When Family Becomes an Idol (Part 2 of Rachel and Leah)

Description

Families are God’s plan and can reflect God’s beauty. But even good things like families, when they become more important than God, can become sinful.

What is the difference between cherishing our husband and children and making idols of them? We know both marriage and children are gifts from God and God absolutely delights in harmonious families (Psalm 133). Many of you are too young to know about the television show “Father Knows Best,” but in many ways it did illustrate the beauty of a harmonious family. WHAT COULD POSSIBLY BE WRONG WITH THAT?

Nothing. Families are God’s plan, God’s gift, and can reflect God’s beauty. Psalm 133 sings of the beauty of a harmonious family.

But even good things, when they become more important than God, when seen as the ultimate, can become sin. How clearly this can be seen in the lives of Leah and Rachel.

This is a challenging study, but this group is definitely up to it!

1. Read Genesis 29:21-30.

A. How is this incident a “deja vu” for the trickster Jacob? (See Genesis 27)

B. Put yourself in Leah’s place. How do you think she felt about her wedding night with Jacob? Did Jacob murmur Rachel’s name?

C. How do you think she felt about Jacob’s response in the morning?

D. Tim Keller said, “When you long for Rachel (something other than God to fulfill you), you always  wake up with Leah.” Share a time when you were sure something would fulfill you, you got it, and you were disappointed.

2. Read Genesis 29:31-35.

A. Meditate on verse 31. What does this tell you about God and His mercy? What does this mean to you? (Don’t go too fast through this one.)
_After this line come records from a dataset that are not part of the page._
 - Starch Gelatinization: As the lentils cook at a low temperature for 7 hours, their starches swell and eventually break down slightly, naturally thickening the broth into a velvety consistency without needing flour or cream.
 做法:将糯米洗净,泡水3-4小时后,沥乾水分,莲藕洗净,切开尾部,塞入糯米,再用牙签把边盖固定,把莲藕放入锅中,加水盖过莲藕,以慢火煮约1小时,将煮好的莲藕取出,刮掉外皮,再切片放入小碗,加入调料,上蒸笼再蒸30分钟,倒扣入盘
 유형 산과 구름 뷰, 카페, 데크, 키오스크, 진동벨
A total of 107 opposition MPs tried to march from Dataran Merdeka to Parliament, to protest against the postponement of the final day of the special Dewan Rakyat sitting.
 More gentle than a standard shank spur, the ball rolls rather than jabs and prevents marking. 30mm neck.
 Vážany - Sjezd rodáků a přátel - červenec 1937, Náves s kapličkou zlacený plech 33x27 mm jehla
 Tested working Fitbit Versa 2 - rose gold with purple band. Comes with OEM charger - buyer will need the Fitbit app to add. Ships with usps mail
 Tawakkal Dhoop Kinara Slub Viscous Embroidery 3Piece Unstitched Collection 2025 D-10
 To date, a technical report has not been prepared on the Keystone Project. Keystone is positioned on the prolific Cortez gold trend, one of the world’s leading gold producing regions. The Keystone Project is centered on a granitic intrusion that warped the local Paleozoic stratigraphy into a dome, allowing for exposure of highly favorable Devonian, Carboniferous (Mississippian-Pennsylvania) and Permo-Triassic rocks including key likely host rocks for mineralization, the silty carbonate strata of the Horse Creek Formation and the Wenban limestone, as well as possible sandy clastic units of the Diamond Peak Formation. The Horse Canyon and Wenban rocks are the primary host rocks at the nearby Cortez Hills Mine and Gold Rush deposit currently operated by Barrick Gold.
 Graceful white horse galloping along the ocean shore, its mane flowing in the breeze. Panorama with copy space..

B. List the names Leah gave her children and how the fourth son shows a change in her heart. Some of the godliest women I know have had hard marriages — unbelieving and difficult husbands. Like Leah, they woke up to realize that their hope was in God. And they pressed into Him, experiencing greater intimacy with Him.

C. Some of you have already seen that Judah was the son that was in the line to the Messiah. Reflect upon this.

3. Read Genesis 30.

A. What was Rachel’s “Rachel?” (What did she think she had to have to be fulfilled?)

B. Meditate on the name of her second son. What are some wrong reasons for having children? What are right reasons?

C. How can you know if you are too enmeshed with your children? What are some red flags?

D. What are some signs that you have a healthy relationship with your children?

E. What are some red flags that a local church may have elevated the family over Christ?

F. How do you see God’s mercy with Leah? With Rachel? What does this mean to you?

4. Meditate on Luke 14:25-27.

A. Is there a paraphrase or translation that helps you with this hard saying? If so, share it.

B. What do you think Jesus means by this?

C. How might this apply to your life?

5. Explain the difference between cherishing your husband and children and making idols of them. If you get this right, in practical ways, what would it look like?

6. Consider Genesis 31:19 and 31:33-35.

A. What happened here?

B. Leslie Williams writes: “Like Rachel, we hide our gods under our skirts, wondering why we are  not whole, why we are not reconciled to the God we profess.” Write a prayer here, confessing sin, asking for His power to have Christ, and Christ alone be your God.